NAME
coocfreq - count co-occurrence frequencies for arbitrary features of nodes in a parallel treebank
SYNOPSIS
coocfreq [OPTIONS]
# count co-occurrence frequencies between category labels
# in the parallel treebank of Sophie's World (Smultron)
# and print the results in plain text files
coocfreq -a sophie.xml -A sta -x cat -y cat -f cat.src -e cat.trg -c cat.cooc
# count co-occurrences of 3-letter-suffix + category label of the parent node
# of the source language tree with words from the target language tree
# results will be stored in src.freq, trg.freq and cooc.freq
coocfreq -a sophie.xml -A sta -x suffix=3:parent_cat -y word
DESCRIPTION
This script counts frequencies and co-occurrence frequencies of source and target language features. It runs through the sentence aligned treebank and combines all node pairs. Note that co-occurrence frequencies in a sentence are max( srcfreq(srcfeature) , trgfreq(trgfeature) )
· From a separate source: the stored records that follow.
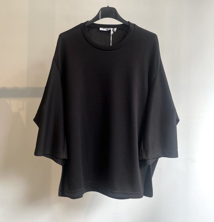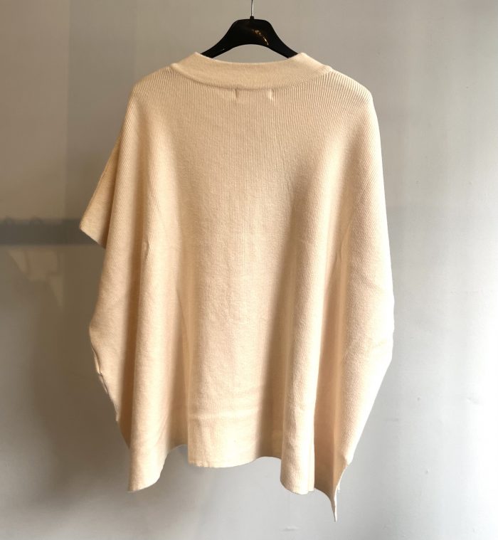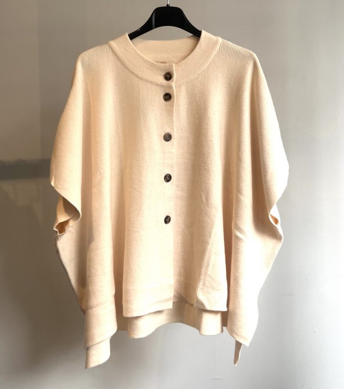 ボタンが付いていて、かわいいポンチョ風のニットです
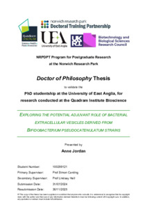 Jordan, Anne (2025) Exploring The Potential Adjuvant Role Of Bacterial Extracellular Vesicles Derived From Bifidobacterium Pseudocatenulatum Strains. Doctoral thesis, University of East Anglia.
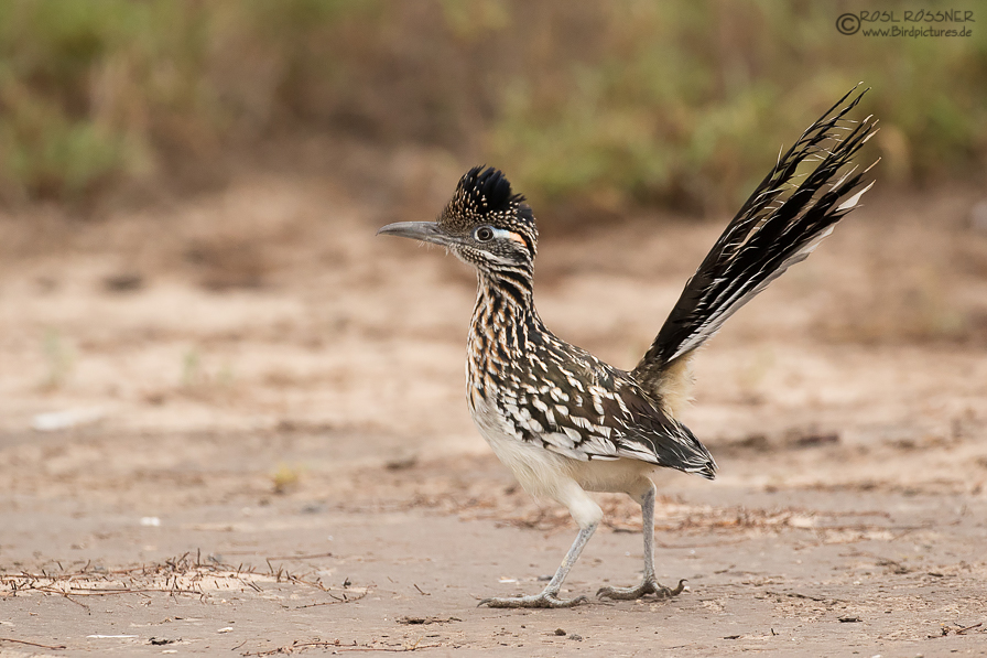 Roadrunner - und in der Tat sieht man den "Wegekuckuck" meist auf der Sandpiste rennen... Einer der witzigsten Vögel von Texas und gleichzeitig einer, der sehr schwer zu fotografieren ist - einfach, weil er eigentlich immer rennt...
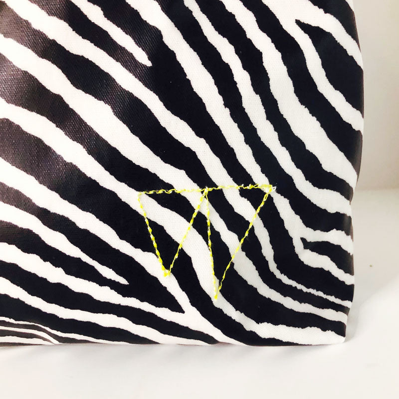 Lunch bag en tissu enduit noir et blanc à motifs zèbrés, avec 2 fermetures à pression en résine jaune et sangle en coton jaune. Motifs triangles assortis.
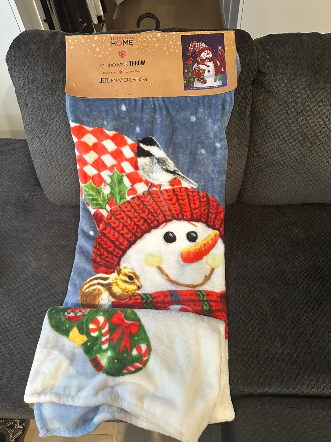 Snowman Micro Mink Throw It measures 48 inches by 60 inches (122 cm x 152 cm). Brand new
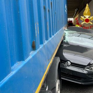 Incidente sulla 336, auto finisce tra autotreno e guard rail: ventenne ferito
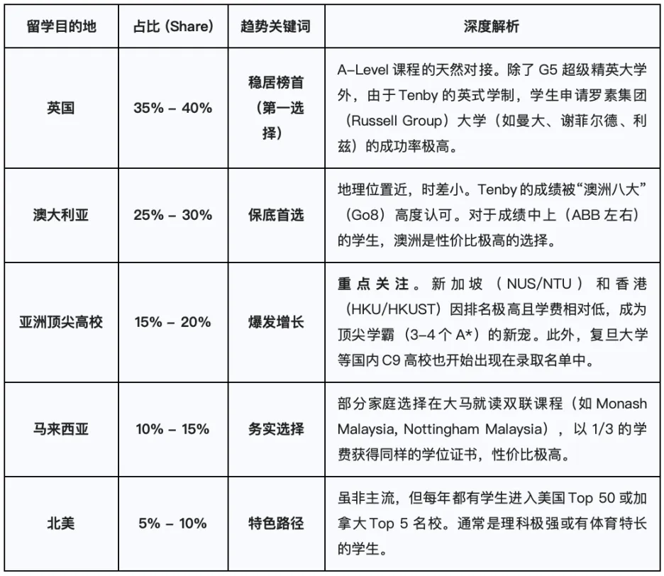 我们整合了Tenby Schools Ipoh官网发布的录取榜单、ISP集团的全球汇报以及公开信息,绘制出了近5年的升学版图,一幅典型的“英联邦主导,多元开花”的画卷。一个显著的趋势是:从“独尊英澳”走向“全球开花”,且“回流亚洲顶尖名校”的趋势日益明显。但如果我们把镜头拉近,会发现中国学生的升学路径与本地学生截然不同。
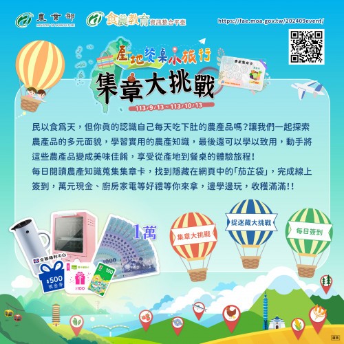 | 標題 | 農業部食農教育資訊整合平臺預訂於113年9月13日至10月13日辦理「產地到餐桌小旅行 集章大挑戰」食農教育推廣活動,請踴躍鼓勵親、師、生參與活動 |

to ensure Dice scores between 0 and 1!
OPTIONS
- -f src.freq
-
Specify the name for the source language frequencies. The file will start with a line specifying the source language features used (starting with an initial '#'). All other lines have three TAB separated items: the feature string, a unique ID, and finally the frequency.
# word learned 682 4 stamp 722 3 hat 1056 5 what 399 20 again 220 14 of 27 118
- -e trg.freq
-
Specify the name for the target language frequencies. The format is the same as for the source language.
- -c cooc.freq
-
Specify the name for the co-occurrence frequencies. The first two lines specify the names of the files with the source and the target language frequencies and all other lines contain TAB separated source feature ID, target feature ID and co-occurrence frequency. Here is an example:
# source frequencies: word.src # target frequencies: word.trg 127 32 4 127 898 3 127 31 3 127 11 5 127 138 6 798 9 4 1250 1367 3
- -a align-file
-
Name of the alignment file (needs to include sentence alignment information). Parallel corpora without explicit sentence alignment files can also be used. For example, you can leave out this parameter if your parallel corpus is a plain text corpus with two separate files for source and target language and corresponding lines are aligned.
- -A align-file-format
-
This argument specifies the format of the sentence alignment file. For example, it can be OPUS (XCES format used in OPUS) or STA (Stockholm Tree Aligner format).
- -s src-file
-
Source language file of your parallel corpus.
- -S src-file-format
-
Format of the source language file. Default will be "plain text".
- -s trg-file
-
Target language file of your parallel corpus.
- -T trg-file-format
-
Format of the target language file. Default will be "plain text".
- -x srcfeatures
-
Features in the source language. Default feature is 'word' = surface words at each terminal node. All kinds of node attributes and combinations of features and contextual features can be used.
- -y trgfeatures
-
The same as -x but for the target language trees.
- -m freq-threshold
-
The frequency threshold. Default is 2.
- -D
-
A flag that enables storing the source and target language vocabulary in DB_FILE database files on disk to save memory when counting. This can be useful especially for complex (long) feature strings. Otherwise it doesn't save that much. The co-occurrence matrix is the big problem .....
SEE ALSO
Lingua::treealign, Lingua::Align::Trees, Lingua::Align::Features
AUTHOR
Joerg Tiedemann, <jorg.tiedemann@lingfil.uu.se>
COPYRIGHT AND LICENSE
Copyright (C) 2009 by Joerg Tiedemann
This library is free software; you can redistribute it and/or modify it under the same terms as Perl itself, either Perl version 5.8.8 or, at your option, any later version of Perl 5 you may have available.